If you want it to stick, variety helps. Change the spices, swap the grains, use chickpeas instead of lentils, throw sweet potatoes into a tray bake where you might normally use ordinary ones. Roasted vegetables tossed through couscous with olive oil and herbs can be entirely different depending on what you scatter in, and it is almost impossible to get wrong.

Batch cooking is another saviour. Make double portions of chilli mac or curry, tuck some away in the freezer, and you will thank yourself later when a long day threatens to derail your good intentions.

For me, Meat Free Monday has never been about denying myself something, or ticking a box to feel virtuous.

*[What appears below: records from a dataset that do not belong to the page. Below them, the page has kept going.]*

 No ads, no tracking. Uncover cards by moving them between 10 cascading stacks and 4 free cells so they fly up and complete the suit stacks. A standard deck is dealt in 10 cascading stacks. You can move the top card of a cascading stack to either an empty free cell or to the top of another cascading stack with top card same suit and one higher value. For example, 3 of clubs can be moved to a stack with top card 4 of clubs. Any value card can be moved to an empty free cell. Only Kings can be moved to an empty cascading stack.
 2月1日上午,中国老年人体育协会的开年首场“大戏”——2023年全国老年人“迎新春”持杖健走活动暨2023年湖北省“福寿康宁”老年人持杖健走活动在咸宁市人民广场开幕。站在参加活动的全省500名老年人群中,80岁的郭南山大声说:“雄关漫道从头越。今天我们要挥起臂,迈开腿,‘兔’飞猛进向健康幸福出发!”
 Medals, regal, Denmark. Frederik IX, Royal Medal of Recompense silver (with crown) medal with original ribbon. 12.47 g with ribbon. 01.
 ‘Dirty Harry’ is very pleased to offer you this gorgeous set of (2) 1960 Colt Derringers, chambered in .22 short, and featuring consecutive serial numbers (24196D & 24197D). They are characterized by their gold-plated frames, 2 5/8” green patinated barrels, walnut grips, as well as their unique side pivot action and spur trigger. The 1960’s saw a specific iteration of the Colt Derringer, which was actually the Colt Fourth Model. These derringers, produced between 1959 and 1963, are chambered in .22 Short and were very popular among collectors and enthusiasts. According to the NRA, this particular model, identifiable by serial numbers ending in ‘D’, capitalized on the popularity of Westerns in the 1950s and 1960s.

It has been about giving myself another option. It is about food that feels abundant rather than sparse, food that makes you want to sit down at the table rather than graze in front of the fridge. It stretches your cooking, saves a bit of money, and might do some good for the planet too.

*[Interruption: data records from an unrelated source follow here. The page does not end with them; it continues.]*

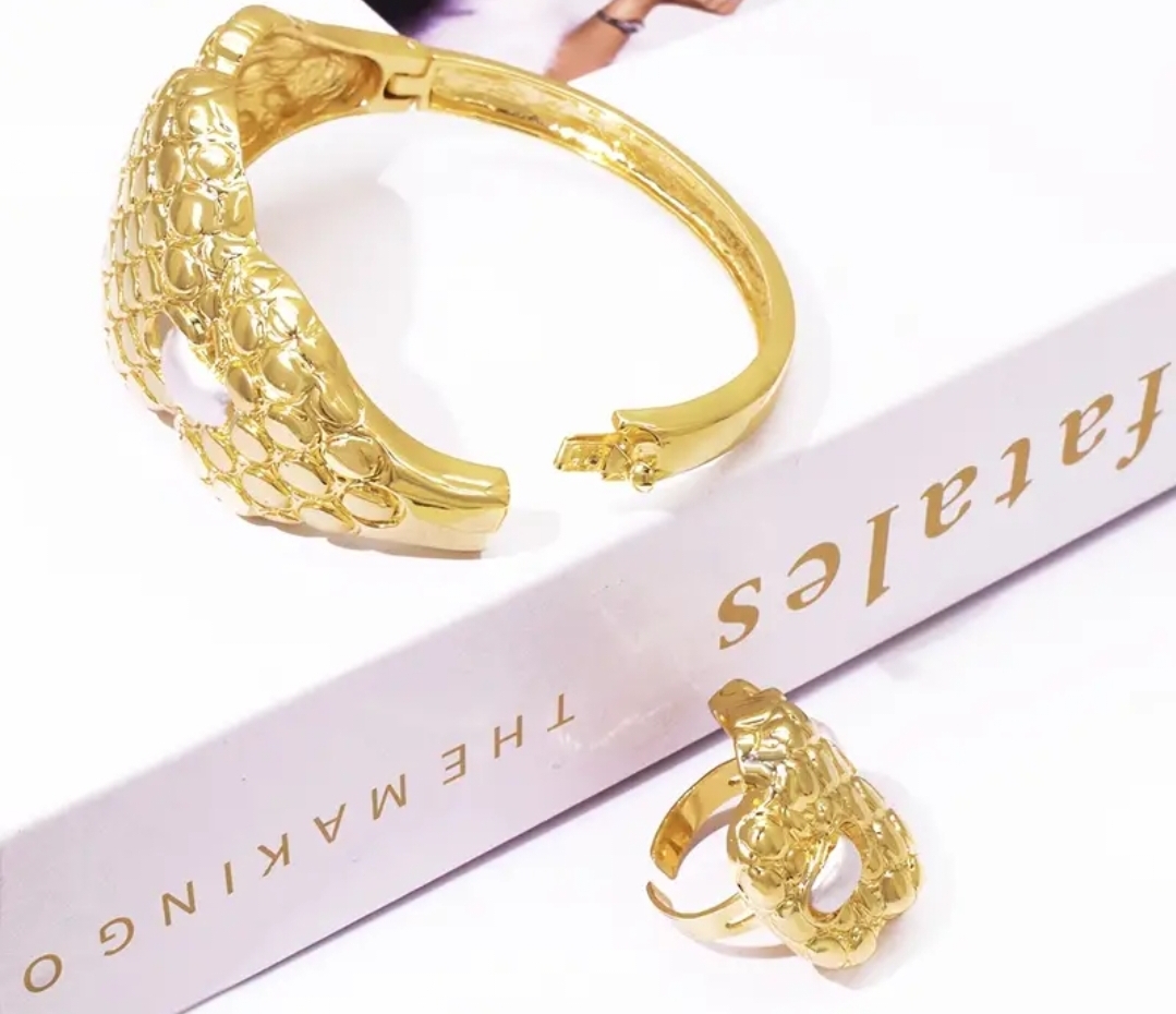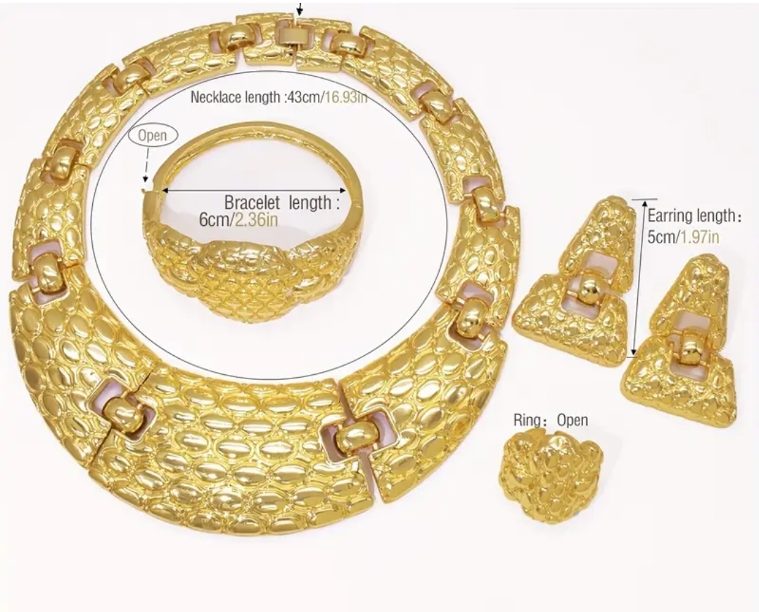 Elegant high-quality gold-plated Middle Eastern style wedding party jewelry set: large necklace, bracelet, earrings, ring. Two colors available, suitable for banquets, holiday gifts, and daily wear. 5pcs., Daily Wear Jewelry Set, Middle Eastern
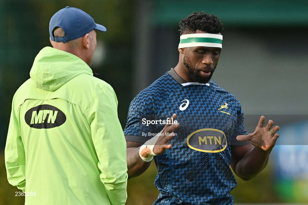 1 November 2022; Captain Siya Kolisi, right, with head coach Jacques Nienaber during South Africa rugby squad training at UCD in Dublin. Photo by Brendan Moran/Sportsfile
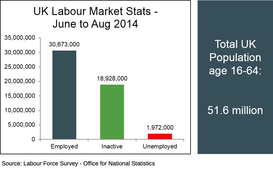 Below is a breakdown of the amount of workers who were classed as employed, unemployed or outside the labour force and economically inactive in the UK from June to August 2014. This measurement is taken using the government's Labour Force Survey.
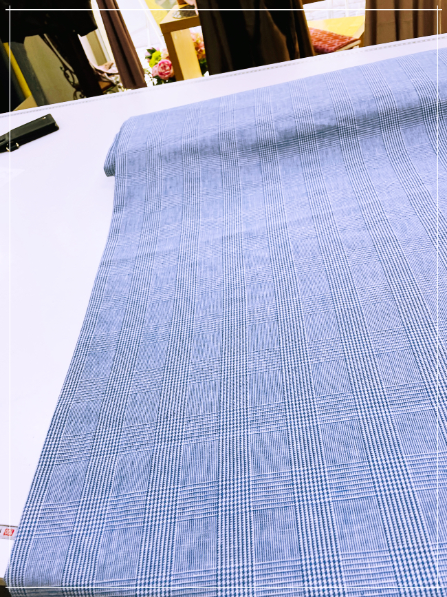 gewebtes, gemustertes Leinen eines deutschen Modelabels

Most of all, it proves that vegetables can take the lead just as well as anything else. Get it right, and Meat Free Monday is not a chore at all. It is just another night of good food without the sad salad.


Shakshuka Recipe

Ingredients

  • 1 tablespoon olive oil, plus extra for drizzling
  • 1 teaspoon cumin seeds
  • 1 onion, finely sliced
  • 2 garlic cloves, minced
  • 2 peppers, sliced (use different colours if you can)
  • 1 teaspoon paprika
  • 1 tin of chopped tomatoes (use two if you like extra sauce, or swap to passata)
  • 1 teaspoon honey or maple syrup (optional, to soften acidity)
  • 1 egg per person
  • Crusty bread, to serve

Method

  1. Heat the olive oil in a heavy-based pan over a medium-low heat. Add the cumin seeds and fry gently until they start to release their aroma.
  2. Add the sliced onion and cook for around 5 minutes, stirring occasionally, until softened but not browned. The longer you can let them cook without colouring, the more flavour you build.
  3. Stir in the garlic and cook for 30 seconds, just long enough to lose its raw edge.
  4. Lower the heat and add the peppers. Cook slowly for around 20 minutes, until they are soft and sweet.
  5. Stir through the paprika, then add the tomatoes and honey or maple syrup if using. Raise the heat back to medium and simmer for 10 minutes until the sauce thickens and tastes rich.
  6. Make small wells in the sauce and crack in the eggs. Cover with a lid and cook on the hob for 8–10 minutes until the whites are set and the yolks are still runny. Alternatively, transfer the pan to the oven at gas mark 4 for around 10 minutes to bake.
  7. Drizzle with a little extra olive oil and serve straight from the pan with plenty of crusty bread.

Optional: Add shredded leftover roast chicken before the eggs if you want more protein while keeping the dish balanced and Mediterranean inspired.